La seconda questione attiene alla comunicazione. Di tali giornate ci resta solo tanta rabbia e nulla più. I principali sconfitti sono coloro che credono in queste manifestazioni (quelli a volto scoperto): i media sguazzano nelle immagini delle vetrine distrutte, dei danneggiamenti diffusi, dell’agente in barella. La cronaca del corteo si riduce a questo, l’attenzione fugge via dai temi clou. Il risultato è una percezione di tali appuntamenti come mere occasioni di violenza e l’opinione pubblica ne ha ribrezzo. Si crea così tra i cittadini l’avversione per tali categorie di manifestanti, frettolosamente e mediaticamente indicate come  antagonistigiovani dei centri sociali, ecc.

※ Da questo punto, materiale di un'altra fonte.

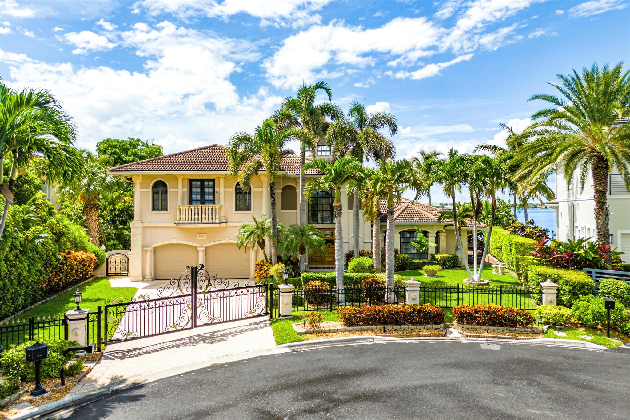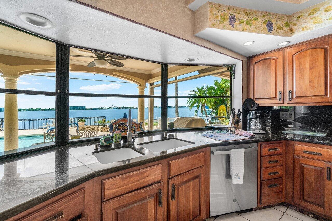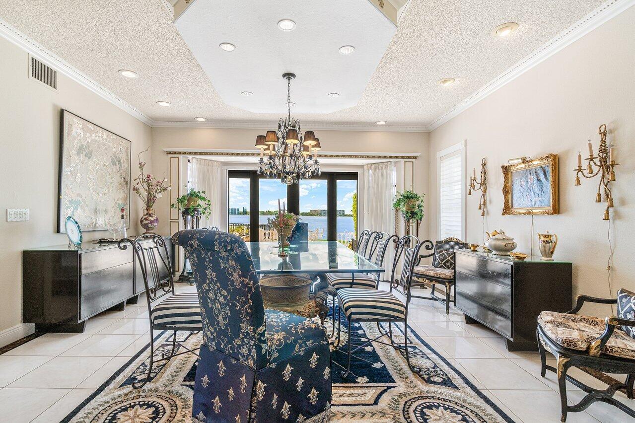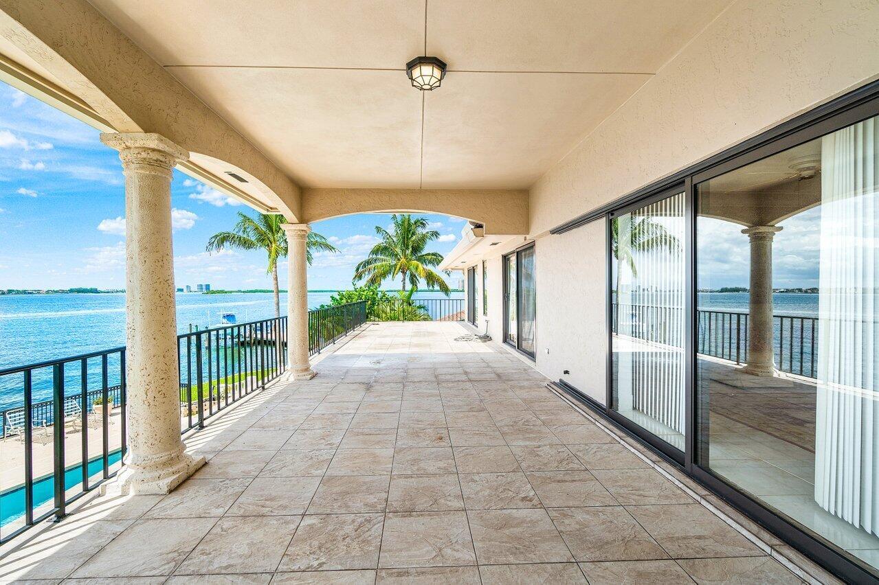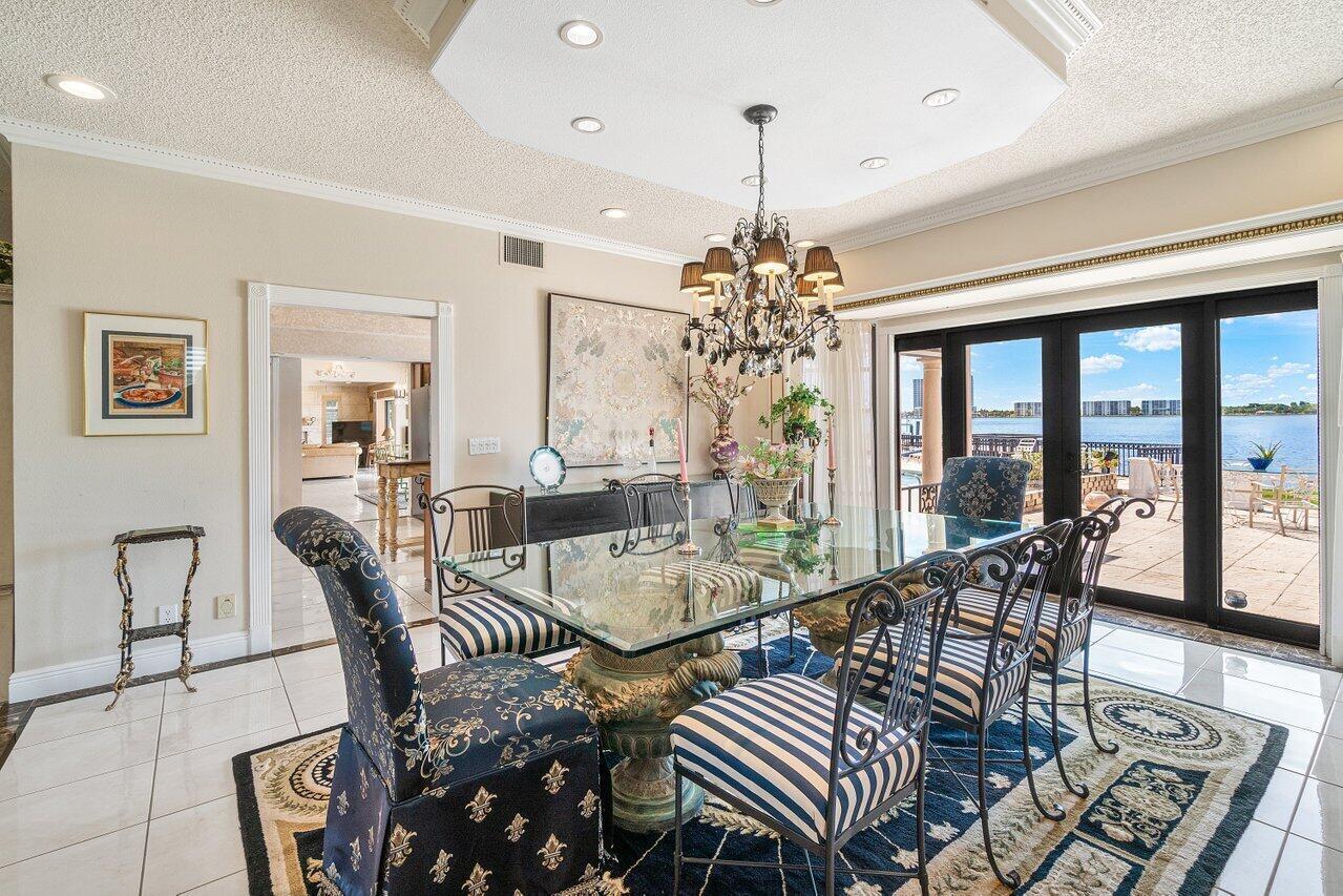 Discover a one-of-a-kind opportunity on Singer Island's most exclusive stretch of single family homes. Positioned on a private cul-de-sac street, 1010 Pine Point Road offers 144 feet of unobstructed Intracoastal frontage with a private dock, 14,000 lb lift, and deep water access just minutes from the inlet, making it a true boater's dream. This Mediterranean Revival residence spans more than 4,000 square feet under air and over 6,000 total, designed for both grand entertaining and quiet waterfront living. A dramatic double-height foyer with a custom cupola floods the home with natural light, leading to expansive living and dining areas finished in marble and natural stone. With four bedrooms, private elevator and a sprawling owner's suite, this home provides scale and gracious livability.

Il risultato è una cittadinanza contrariata, inorridita, spaventata, cioè tutti sentimenti che creano il terreno fertile per il consenso, l’accettazione o comunque la tolleranza di eventuali azioni anche violente e straordinarie (extra ordinem) delle autorità repressive o di misure preventive, anti manifestazioni.

Fino a quando il tema sarà soltanto l’opportunità di una manganellata, o di una vetrina rotta, lo schierarsi a favore di una o dell’altra parte, e non la riflessione sulle cause di tutto ciò, allora forse saranno ancora una volta solo lacrime (e sangue), versate per niente.